● What the task asks
Please return every line in the following data that includes the string "silhouette".

● Given information
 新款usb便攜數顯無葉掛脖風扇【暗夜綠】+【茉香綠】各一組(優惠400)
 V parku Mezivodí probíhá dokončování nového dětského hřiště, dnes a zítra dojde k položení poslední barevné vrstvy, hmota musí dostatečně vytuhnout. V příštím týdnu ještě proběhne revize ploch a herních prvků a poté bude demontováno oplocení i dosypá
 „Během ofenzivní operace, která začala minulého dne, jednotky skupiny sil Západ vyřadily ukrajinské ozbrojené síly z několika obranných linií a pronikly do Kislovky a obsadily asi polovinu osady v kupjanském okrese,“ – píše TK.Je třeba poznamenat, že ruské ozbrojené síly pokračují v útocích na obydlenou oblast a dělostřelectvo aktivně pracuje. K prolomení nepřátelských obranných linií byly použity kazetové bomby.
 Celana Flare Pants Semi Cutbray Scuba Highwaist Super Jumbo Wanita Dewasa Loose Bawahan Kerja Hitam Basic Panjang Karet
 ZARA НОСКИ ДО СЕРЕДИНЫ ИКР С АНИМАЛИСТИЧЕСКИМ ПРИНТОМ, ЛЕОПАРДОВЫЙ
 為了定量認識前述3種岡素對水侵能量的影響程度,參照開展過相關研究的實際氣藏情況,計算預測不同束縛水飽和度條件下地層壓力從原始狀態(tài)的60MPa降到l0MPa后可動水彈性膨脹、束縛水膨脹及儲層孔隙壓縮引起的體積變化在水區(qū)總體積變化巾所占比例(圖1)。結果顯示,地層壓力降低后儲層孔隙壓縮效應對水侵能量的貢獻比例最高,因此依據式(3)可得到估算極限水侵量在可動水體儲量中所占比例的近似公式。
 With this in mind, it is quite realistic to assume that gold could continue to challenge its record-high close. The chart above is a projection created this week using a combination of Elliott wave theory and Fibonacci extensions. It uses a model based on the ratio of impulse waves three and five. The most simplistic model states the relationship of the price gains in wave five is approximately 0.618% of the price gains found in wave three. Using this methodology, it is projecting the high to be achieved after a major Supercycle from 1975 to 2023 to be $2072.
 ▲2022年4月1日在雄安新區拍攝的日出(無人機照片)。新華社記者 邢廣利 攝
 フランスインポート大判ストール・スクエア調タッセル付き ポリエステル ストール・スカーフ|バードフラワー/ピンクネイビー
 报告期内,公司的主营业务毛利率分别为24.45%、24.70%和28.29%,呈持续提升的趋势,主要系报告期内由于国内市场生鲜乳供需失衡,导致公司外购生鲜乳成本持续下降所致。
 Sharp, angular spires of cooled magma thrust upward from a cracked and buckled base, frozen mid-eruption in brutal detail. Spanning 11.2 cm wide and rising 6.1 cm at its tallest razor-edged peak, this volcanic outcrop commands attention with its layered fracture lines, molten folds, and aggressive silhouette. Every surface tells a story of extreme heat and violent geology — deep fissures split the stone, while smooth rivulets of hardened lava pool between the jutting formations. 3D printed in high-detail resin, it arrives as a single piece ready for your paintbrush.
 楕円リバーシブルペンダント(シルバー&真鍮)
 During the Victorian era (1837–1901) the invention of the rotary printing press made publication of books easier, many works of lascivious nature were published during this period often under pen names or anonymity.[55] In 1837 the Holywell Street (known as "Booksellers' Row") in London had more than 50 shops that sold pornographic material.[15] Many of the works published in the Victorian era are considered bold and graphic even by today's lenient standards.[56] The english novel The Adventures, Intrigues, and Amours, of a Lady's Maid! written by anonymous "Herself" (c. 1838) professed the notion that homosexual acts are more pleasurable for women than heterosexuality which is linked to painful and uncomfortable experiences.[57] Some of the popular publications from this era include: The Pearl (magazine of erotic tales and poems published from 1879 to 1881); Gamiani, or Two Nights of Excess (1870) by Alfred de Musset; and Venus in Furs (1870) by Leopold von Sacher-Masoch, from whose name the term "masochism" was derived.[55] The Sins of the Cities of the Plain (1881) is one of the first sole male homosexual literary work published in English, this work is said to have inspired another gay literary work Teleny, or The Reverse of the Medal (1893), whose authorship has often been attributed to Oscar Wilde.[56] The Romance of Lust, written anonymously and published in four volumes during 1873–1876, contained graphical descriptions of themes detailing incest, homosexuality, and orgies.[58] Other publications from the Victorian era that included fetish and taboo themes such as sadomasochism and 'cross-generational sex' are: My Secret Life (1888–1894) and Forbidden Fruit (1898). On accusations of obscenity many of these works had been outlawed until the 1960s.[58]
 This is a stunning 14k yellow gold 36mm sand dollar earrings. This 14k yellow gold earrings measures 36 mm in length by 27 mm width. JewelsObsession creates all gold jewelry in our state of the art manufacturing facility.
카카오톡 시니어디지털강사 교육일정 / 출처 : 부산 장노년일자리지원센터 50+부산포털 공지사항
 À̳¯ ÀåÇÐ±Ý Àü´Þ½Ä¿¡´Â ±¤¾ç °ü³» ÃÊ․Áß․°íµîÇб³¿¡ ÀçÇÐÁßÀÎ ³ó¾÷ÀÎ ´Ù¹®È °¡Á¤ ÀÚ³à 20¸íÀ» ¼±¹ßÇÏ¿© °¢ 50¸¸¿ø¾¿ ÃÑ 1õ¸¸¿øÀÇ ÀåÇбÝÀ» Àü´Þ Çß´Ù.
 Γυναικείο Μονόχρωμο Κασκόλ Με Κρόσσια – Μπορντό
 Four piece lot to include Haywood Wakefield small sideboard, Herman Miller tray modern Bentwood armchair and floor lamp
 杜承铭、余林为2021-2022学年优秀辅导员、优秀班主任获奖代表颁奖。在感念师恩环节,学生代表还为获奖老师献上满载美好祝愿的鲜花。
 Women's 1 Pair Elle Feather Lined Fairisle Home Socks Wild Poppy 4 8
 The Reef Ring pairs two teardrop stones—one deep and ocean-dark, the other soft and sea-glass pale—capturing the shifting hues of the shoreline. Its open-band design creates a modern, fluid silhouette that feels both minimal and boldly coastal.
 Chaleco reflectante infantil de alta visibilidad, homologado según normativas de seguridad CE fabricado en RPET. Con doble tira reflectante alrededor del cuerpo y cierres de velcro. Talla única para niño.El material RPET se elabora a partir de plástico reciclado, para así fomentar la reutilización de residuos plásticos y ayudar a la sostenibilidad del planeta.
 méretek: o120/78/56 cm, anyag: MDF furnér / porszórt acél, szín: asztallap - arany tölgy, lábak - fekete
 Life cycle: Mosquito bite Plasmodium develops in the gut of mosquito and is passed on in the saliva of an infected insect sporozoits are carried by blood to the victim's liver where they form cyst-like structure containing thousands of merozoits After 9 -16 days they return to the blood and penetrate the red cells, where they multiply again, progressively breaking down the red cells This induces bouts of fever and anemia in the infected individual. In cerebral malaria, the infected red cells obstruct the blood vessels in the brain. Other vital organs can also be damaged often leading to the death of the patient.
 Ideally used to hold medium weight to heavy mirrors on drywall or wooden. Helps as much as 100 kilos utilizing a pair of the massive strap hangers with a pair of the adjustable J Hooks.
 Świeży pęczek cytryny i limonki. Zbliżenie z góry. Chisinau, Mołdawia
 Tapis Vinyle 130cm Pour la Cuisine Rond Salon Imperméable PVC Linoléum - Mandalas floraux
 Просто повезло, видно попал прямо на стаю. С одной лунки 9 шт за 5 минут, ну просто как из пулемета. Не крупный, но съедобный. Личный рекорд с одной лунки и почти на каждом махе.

● Answer area
 Sharp, angular spires of cooled magma thrust upward from a cracked and buckled base, frozen mid-eruption in brutal detail. Spanning 11.2 cm wide and rising 6.1 cm at its tallest razor-edged peak, this volcanic outcrop commands attention with its layered fracture lines, molten folds, and aggressive silhouette. Every surface tells a story of extreme heat and violent geology — deep fissures split the stone, while smooth rivulets of hardened lava pool between the jutting formations. 3D printed in high-detail resin, it arrives as a single piece ready for your paintbrush.
 The Reef Ring pairs two teardrop stones—one deep and ocean-dark, the other soft and sea-glass pale—capturing the shifting hues of the shoreline. Its open-band design creates a modern, fluid silhouette that feels both minimal and boldly coastal.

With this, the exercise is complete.